I worked with dramaturg Dana Lynn Formby of Chicago Dramatists on the script after the Gorilla reading, and she was outrageously helpful and told me many things that needed fixing. After more readings and many, many more rewrites, and more dramaturgy a couple years later from Chicago Dramatists’ Alice Austen, Stay had a beautiful production outside Austin in 2013 with the Wimberley Players.
South of Broadway Theatre’s Artistic Director, Kristen Kos, discovered the script on the New Play Exchange and she’s playing the lead. She doesn’t normally do that, but told me that it was such a lovely challenge she couldn’t resist auditioning, which is lovely to hear.
I rewrote the script a lot after the Wimberley production, which was beautiful and moving, with a wonderful cast and a set I found out later was a rare stage effort by Scott Wade, nationally famous as The Dirty Car Artist. Much of the rewriting was to simplify the staging, since director David McCullars and Aaron Johnson, an amazingly physical actor who runs a commedia dell’arte troupe in Austin, discovered that the script worked best if the actor playing the husband really couldn’t see, when his eyes were bandaged. So Aaron learned his lines and got off book early in the rehearsal process, and spent most of the rehearsals and most of each performance in the dark.
What I hadn’t thought about until I saw Stay onstage was how much trouble it was between scenes, with the stage manager having to move a blindfolded actor safely – and I hate long scene transitions. So I simplified the set and made the scenes more seamless, to make the next production easier.
South of Broadway Theatre is a lovely black box storefront in a hip neighborhood in North Charleston. The production was directed by Daniel Hall Kuhn, with Kristen Kos, David Moon, Linda Gish and Rob Maniscalco. Everyone involved with the production was welcoming and loved the scipt. The performance had gorgeous, atmospheric lighting and an impressionistic living room full of windows, that I described years ago in the script and was startled to see come so vividly to life.
Thank you to Anne Reid for the great production photos.
Kristen was nuanced, moving and amazing in the complex lead role. I watched the Friday evening opening straight through, without looking at the script beforehand so I’d be better able to judge how it worked onstage, as an audience member.
It was my very first script and my writing’s gotten better over the years, so I went back the next night with my notebook, and scribbled notes on all the moments that could use fine-tuning.
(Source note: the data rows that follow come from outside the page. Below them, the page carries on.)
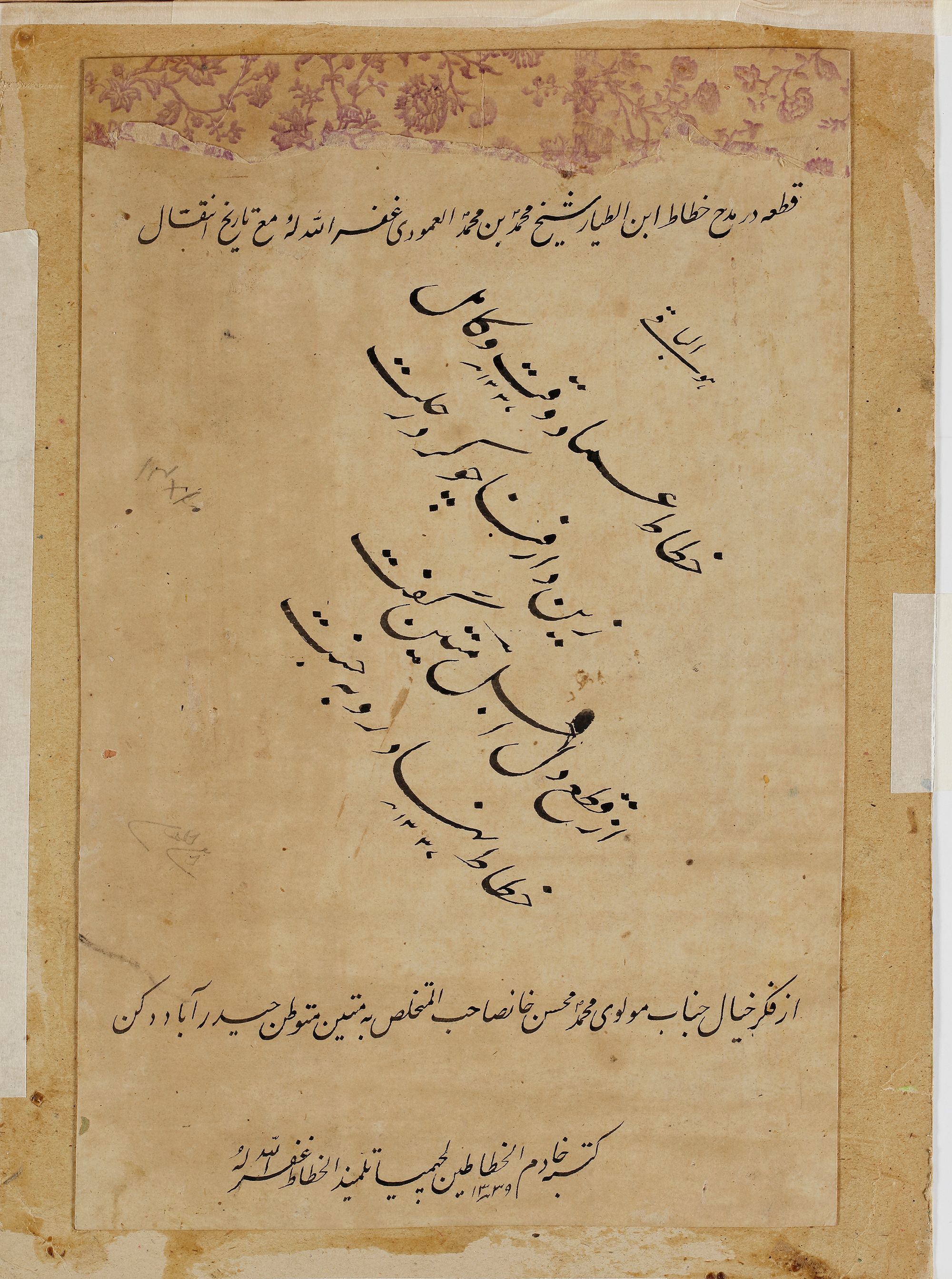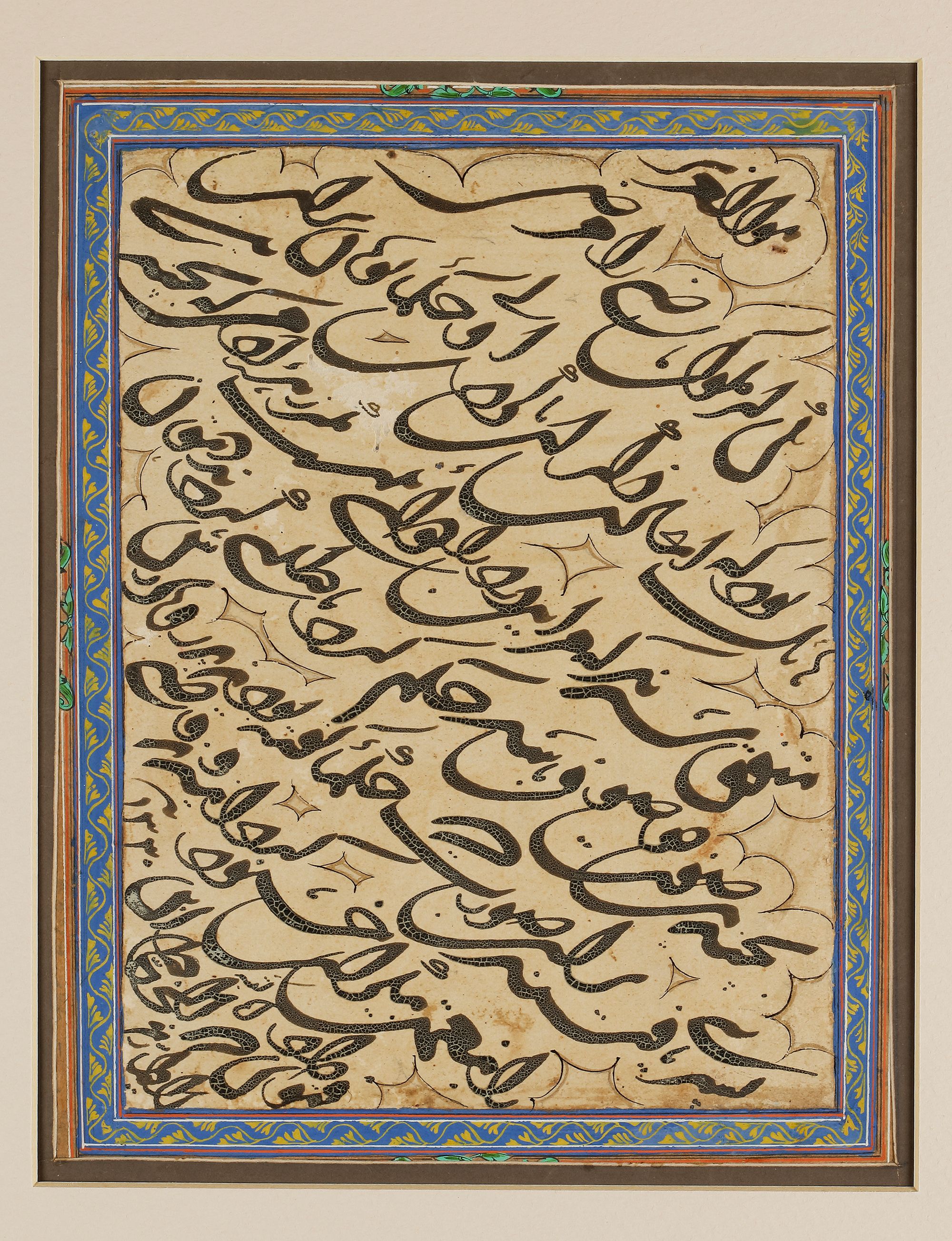 Arabic manuscript on paper, 8 lines, written diagonally in black naskh script, reserved in clouds, ruled with polychrome borders, the margins stylized with yellow floral scrolls on a blue ground. The calligraphy is signed in the corner: written by Ibn al-Tayyar and dated 1330 AH. 17 by 22 cm.
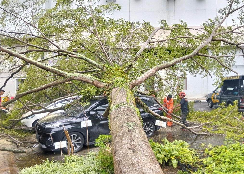 Pohon jenis payuang-payuang dengan panjang sekitar 25 meter dan diameter 70 sentimeter itu tumbang dan menimpa dua unit mobil yang tengah terparkir. Kedua kendaraan yang terdampak adalah Toyota Avanza Veloz dengan nomor polisi 1096 QZ dan Honda Jazz bernomor polisi 1172 BN.
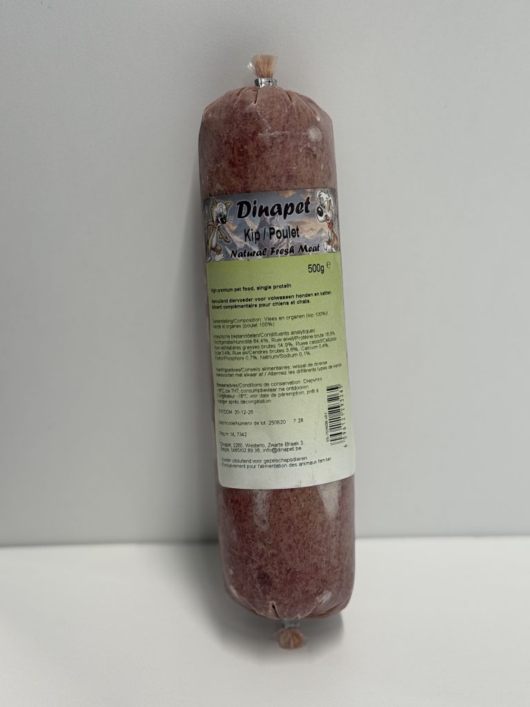 De Dinapet barf kip zijn worsten die uit 15% fijn gemalen botten, 70% vlees en 15% organen bestaan.
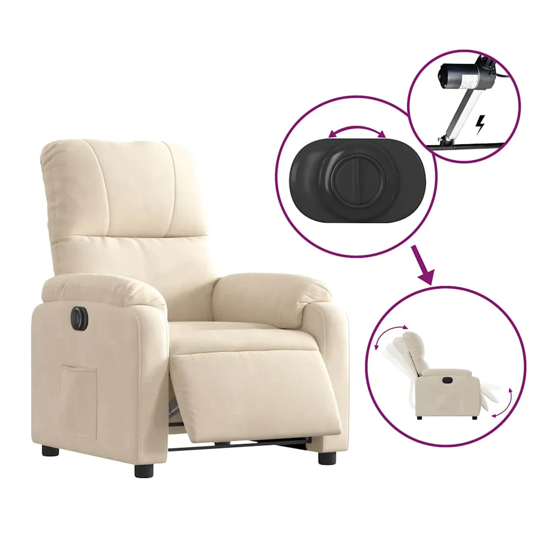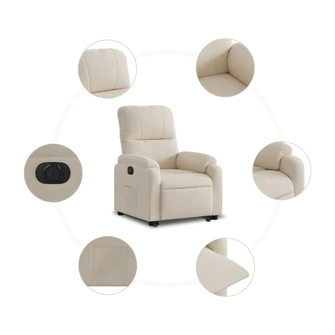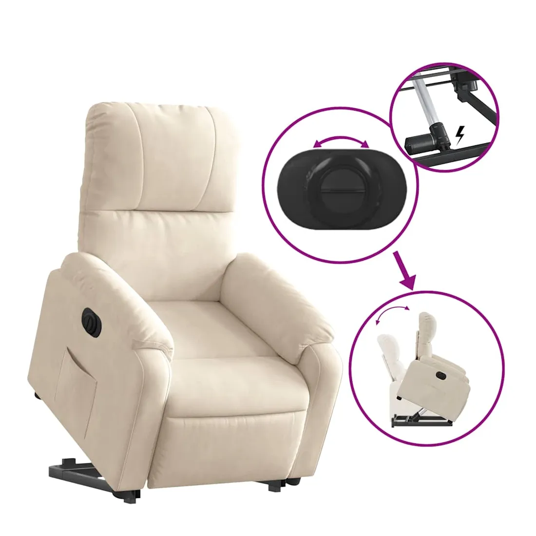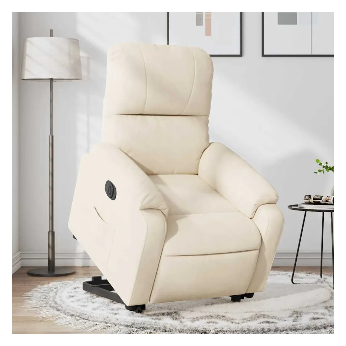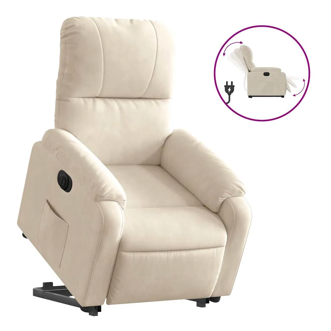 Asseyez-vous et détendez-vous dans ce fauteuil inclinable électrique très confortable ! Fonction de levage électrique : ce fauteuil inclinable pour personnes âgées est équipé d'un moteur électrique pour la fonction de levage. Grâce à la fonction qui pousse toute la chaise vers le haut, vous pouvez facilement vous tenir debout sans stresser votre dos et vos genoux en appuyant simplement sur le bouton.Fonction d'inclinaison électrique : ce fauteuil inclinable est également équipé d'un moteur électrique qui permet de régler automatiquement le repose-pied et le dossier dans n'importe quelle position, selon votre confort, en appuyant simplement sur le bouton situé sur le côté du fauteuil. Cette fonction permet une inclinaison maximale de 135 degrés. En outre, le dossier peut revenir automatiquement à sa position d'origine par une simple pression sur le bouton.Expérience d'assise confortable : l'assise, le dossier et les larges accoudoirs recouverts de microfibres et dotés d'un rembourrage épais procurent une sensation de confort et de chaleur, vous permettant de vous sentir enveloppé lorsque vous êtes assis. La microfibre est un tissu synthétique composé de fibres ultrafines, particulièrement imperméables aux taches. La microfibre est un excellent choix pour le revêtement des meubles en raison de sa durabilité et de sa facilité d'entretien.Poche latérale pratique : ce fauteuil est doté d'une poche latérale pour vous permettre de garder vos objets essentiels à portée de main.Cadre solide et stable : le cadre en bois et en métal offre une structure solide et une grande stabilité. Ce fauteuil inclinable est confortable et durable.

Stay was in the Charleston paper’s weekend section, and a reporter interviewed Kristen and me together the next morning, for the Charleston Post and Courier. I gave a workshop for South of Broadway’s writers’ group on Sunday, with materials from the Dramatists Guild, the New Play Exchange, PlayPenn and Chicago Dramatists. It was a large and lively group, enthusiastic about getting scripts out into the world, writing artist statements and finding opportunities.
Hilariously, one of the writers was the Artistic Director of Charleston’s 5th Wall Productions, a cool theatre that does new work and that’s rejected my scripts many times. I laughed about it when he introduced himself, since for every good thing that’s happened with one of my scripts, 98% of what I send out doesn’t get chosen.
He couldn’t place me at first, but partway through the workshop I mentioned The Burlesque Astronomy Play, a script I’m currently developing about science, art and femininity. There’s burlesque dancing, abstract art and onstage experiments, and one of them is plugging in a big dill pickle so it glows. When the AD of 5th Wall heard “Burlesque Astronomy,” he pointed at me and yelled, “The pickle play! You sent us the pickle play!”
It’s good to know that’s how that script gets remembered, with a pickle generating light, the last image in the play.